The public response to the book has been phenomenal. It’s been amazing to see how many people have bought the book and how many people have told us they found it helpful. Even friends with substantial expertise in statistics have said they’ve found a few nuggets of new information in the book, especially regarding text analysis and social network analysis — topics that Drew and I spend a lot of time thinking about, but are not thoroughly covered in standard statistics and Machine Learning  undergraduate curricula.
I hope we write a second edition. It was our first book and we learned a ton about how to write at length from the experience. I’m about to announce later this week that I’m writing a second book, which will be a very short eBook for O’Reilly. Stay tuned for details.

Ajay-  What are the key things that a potential reader can learn from this book?

John- We cover most of the nuts and bolts of introductory statistics in our book: summary statistics, regression and classification using linear and logistic regression, PCA and k-Nearest Neighbors. We also cover topics that are less well known, but are as important: density plots vs. histograms, regularization, cross-validation, MDS, social network analysis and SVM’s. I hope a reader walks away from the book having a feel for what different basic algorithms do and why they work for some problems and not others. I also hope we do just a little to shift a future generation of modeling culture towards regularization and cross-validation.

Ajay- Describe your journey as a science student up till your Phd. What are you current research interests and what initiatives have you done with them?

John-As an undergraduate I studied math and neuroscience. I then took some time off and came back to do a Ph.D. in psychology, focusing on mathematical modeling of both the brain and behavior.

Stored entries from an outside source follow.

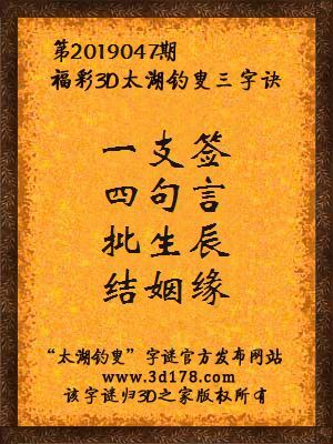 福彩第2019047期3d太湖字谜:一支签,四句言,批生辰,结姻缘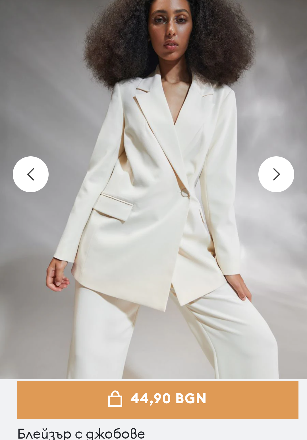 Цветът и материята са хубави, ама кройката е за високи, слаби и с широки рамене жени. Ръкавите са прекалено дълги. На снимката на жената ѝ са до китките, а на мен почти ми покрива пръстите. Откопчано стои малко голямо. Закопчано стои добре, вталено, но отчитам за минус, че няма подплънки...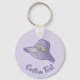Lilac, hand drawn woman's summer hat with yellow small bow ribbon. Custom background colour. Custom text on both sides.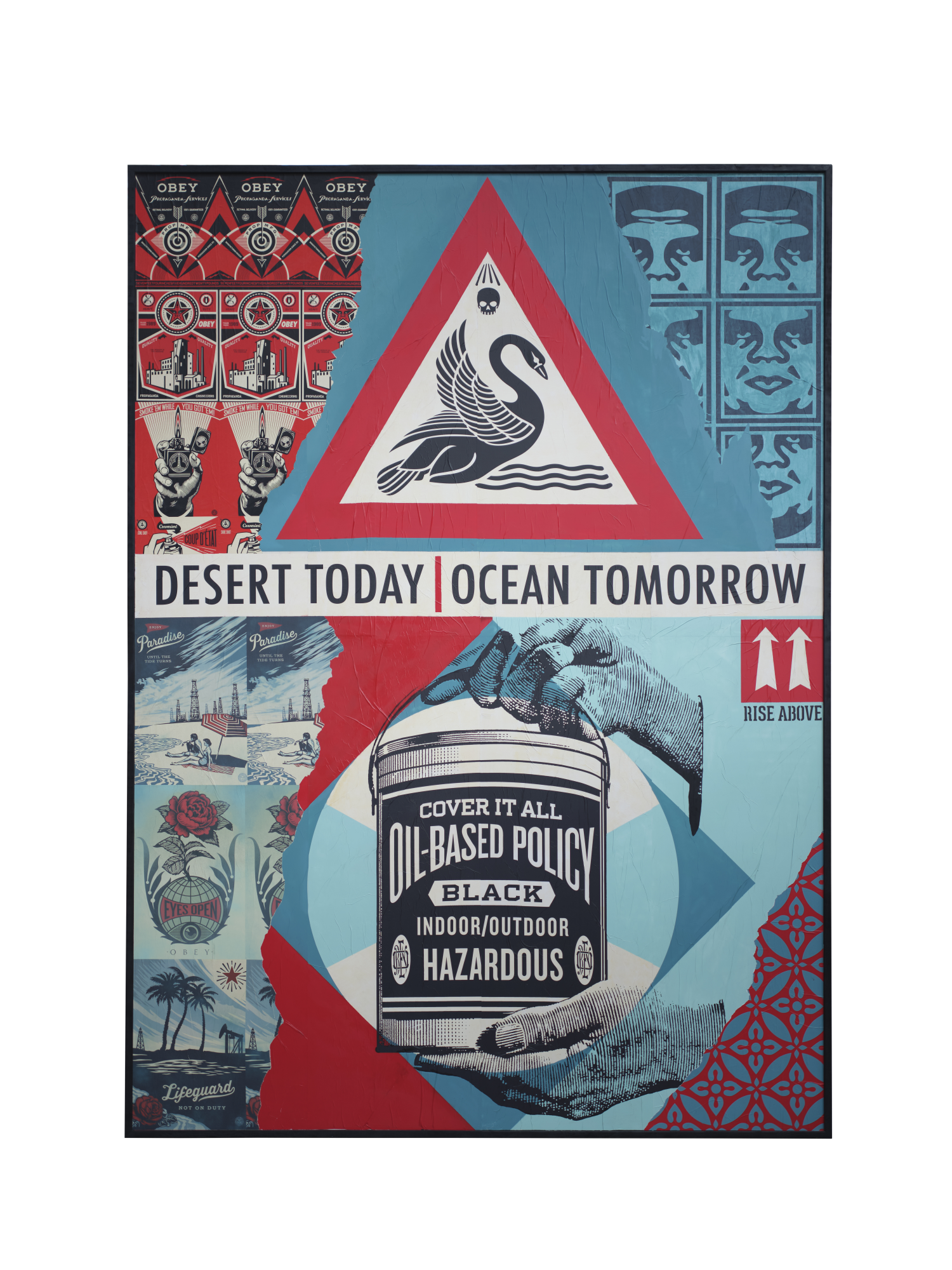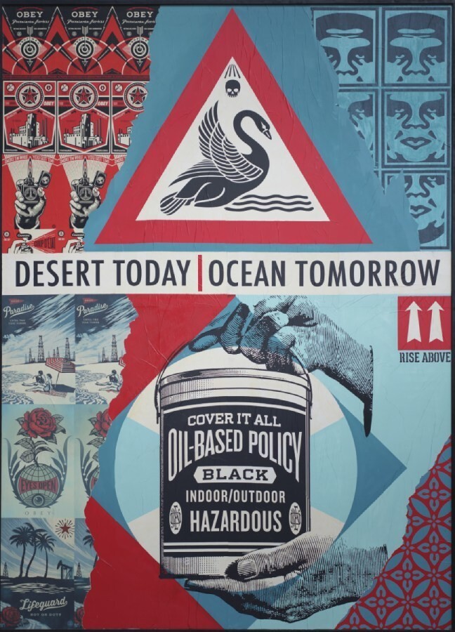 For his work at STRAAT, Shepard Fairey revisited the times when he was pasting up the streets. In Desert today ocean tomorrow, we can spot various elements from the '90s, including his Andre the Giant has a Posse sticker and vibrant explorations related to environmental artivism.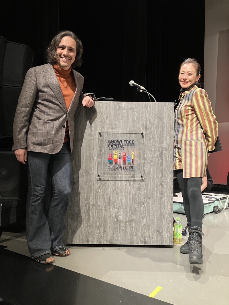 ナレッジ・シアターのステージにある演台を囲んでいるのは、セレモニーとパーティーで総合司会を務められた池田なみ子さん。その美声と見事な機転で頼もしいMCでいらっしゃいました。その横は、OMOSIROI ナビゲーター、まちゃおです。我ながら、すごい肩書きをもらったものだ。振り返ると、ステージで興味の赴くままに受賞者や審査員とわちゃわちゃ喋って騒いでいただけのような気もしますが、とにかく知的好奇心が大はしゃぎするOMOSIROI内容だったのは間違いない。3月のCIAO火曜日での報告にご期待ください。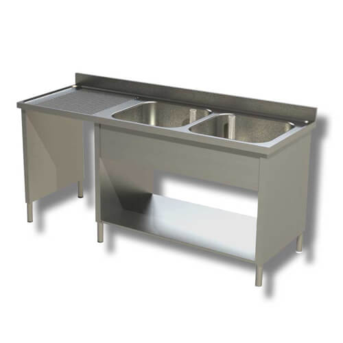 Lavatoio su fianchi 2 vasche vano pattumiera a sinistra acciaio inox Aisi 430 profondità 60 cm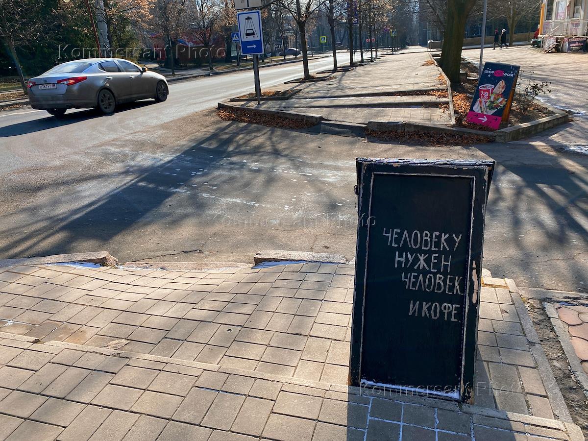 Views of Donetsk during a special military operation of the Russian Armed Forces. Genre photography. Coffee house advertising stand "A person needs a person and coffee."
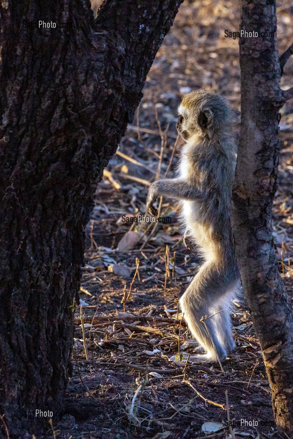 Descriptif : SINGE VERVET A FACE NOIR DEBOUT CONTRE UN ARBRE, PARC NATIONAL DE TARANGIRE, TANZANIE, AFRIQUE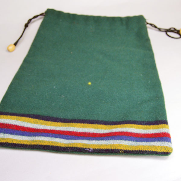 This Wool Bag Lot comes with three handmade pieces that combine durability, beauty, and everyday usefulness. The large green wool bag (15″ x 11.5″) has a selvedge edge stripe on the bottom. The drawstring closure pulls tight with smooth round wooden beads, making it a secure, ready‑to‑use carry bag.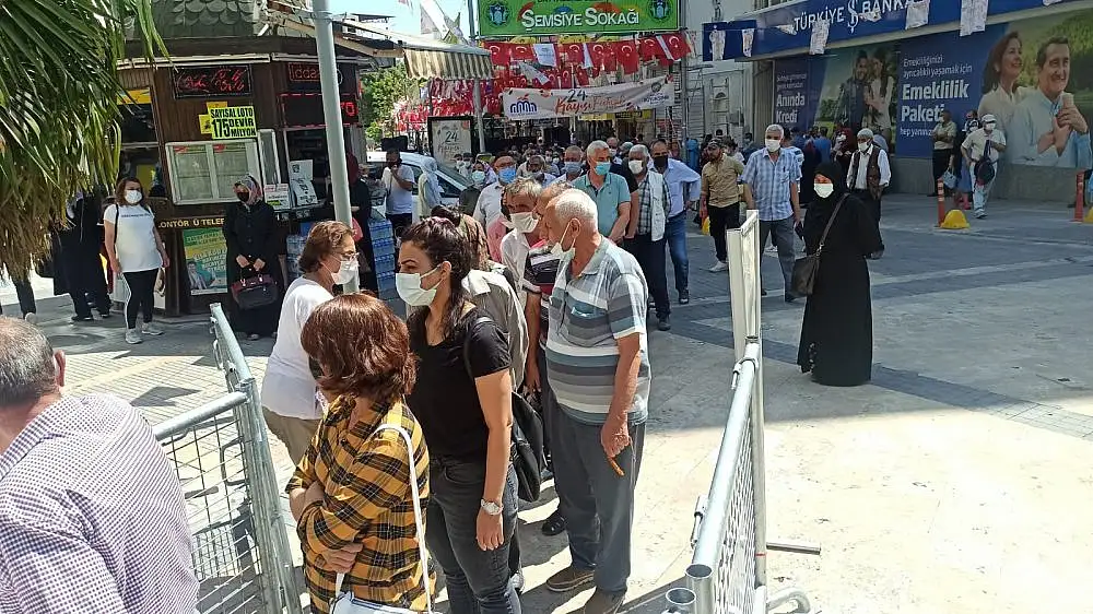 Kurban Bayramı’nın 9 gün tatil olmasının ardından Malatya’da çarşı ve pazarlarda bayram öncesi yoğunluk oluştu. Bayrama günler kala alışverişe çıkan kalabalık daha da artarken, haftanın son mesai gününde ise banka ve PTT önlerinde metrelerce uzayan kuyruklar oluştu. Sabahın erken saatlerinde başlayan kuyruk gün boyu devam etti. Banka ve postane önlerinde oluşan kuyruklarda ise insanların sosyal mesafeye riayet etmediği gözlendi. Vatandaşlar, Kurban Bayramı ve 9 günlük tatil öncesinde işlerinin halletmek zorunda olduklarını, bu nedenle dışarı çıktıklarını dile getirdi.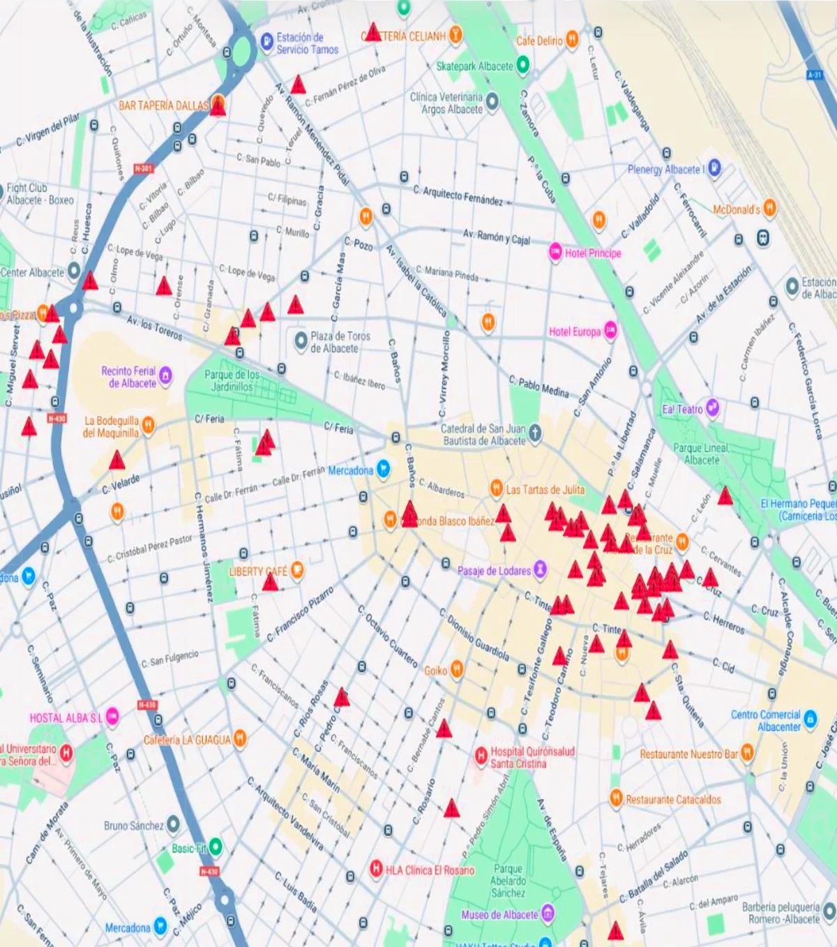 El mapa aportado sobre estas intervenciones refuerza la lectura de los datos y muestra una notable concentración de puntos en la zona centro de la ciudad, especialmente en el entorno del casco urbano más transitado y de áreas de ocio, aunque también aparecen incidencias repartidas en otros barrios y ejes urbanos de Albacete. La distribución evidencia que el fenómeno no se limita a un único enclave, aunque sí presenta focos especialmente intensos en determinadas áreas.

There’s a rich tradition of machine learning and statistics in psychology, so I got increasingly interested in ML methods during my years as a grad student. I’m about to finish my Ph.D. this year. My research interests all fall under one heading: decision theory. I want to understand both how people make decisions (which is what psychology teaches us) and how they should make decisions (which is what statistics and ML teach us). My thesis is focused on how people make decisions when there are both short-term and long-term consequences to be considered. For non-psychologists, the classic example is probably the explore-exploit dilemma. I’ve been working to import more of the main ideas from stats and ML into psychology for modeling how real people handle that trade-off. For psychologists, the classic example is the Marshmallow experiment. Most of my research work has focused on the latter: what makes us patient and how can we measure patience?

Ajay- How can academia and private sector solve the shortage of trained data scientists (assuming there is one)?

John- There’s definitely a shortage of trained data scientists: most companies are finding it difficult to hire someone with the real chops needed to do useful work with Big Data. The skill set required to be useful at a company like Facebook or Twitter is much more advanced than many people realize, so I think it will be some time until there are undergraduates coming out with the right stuff. But there’s huge demand, so I’m sure the market will clear sooner or later.

The changes that are required in academia to prepare students for this kind of work are pretty numerous, but the most obvious required change is that quantitative people need to be learning how to program properly, which is rare in academia, even in many CS departments. Writing one-off programs that no one will ever have to reuse and that only work on toy data sets doesn’t prepare you for working with huge amounts of messy data that exhibit shifting patterns. If you need to learn how to program seriously before you can do useful work, you’re not very valuable to companies who need employees that can hit the ground running. The companies that have done best in building up data teams, like LinkedIn, have learned to train people as they come in since the proper training isn’t typically available outside those companies.
Of course, on the flipside, the people who do know how to program well need to start learning more about theory and need to start to have a better grasp of basic mathematical models like linear and logistic regressions. Lots of CS students seem not to enjoy their theory classes, but theory really does prepare you for thinking about what you can learn from data. You may not use automata theory if you work at Foursquare, but you will need to be able to reason carefully and analytically. Doing math is just like lifting weights: if you’re not good at it right now, you just need to dig in and get yourself in shape.
About-
John Myles White is a Phd Student in  Ph.D. student in the Princeton Psychology Department, where he studies human decision-making both theoretically and experimentally. Along with the political scientist Drew Conway, he is  the author of a book published by O’Reilly Media entitled “Machine Learning for Hackers”, which is meant to introduce experienced programmers to the machine learning toolkit. He is also working with Mark Hansenon a book for laypeople about exploratory data analysis.John is the lead maintainer for several R packages, including ProjectTemplate and log4r.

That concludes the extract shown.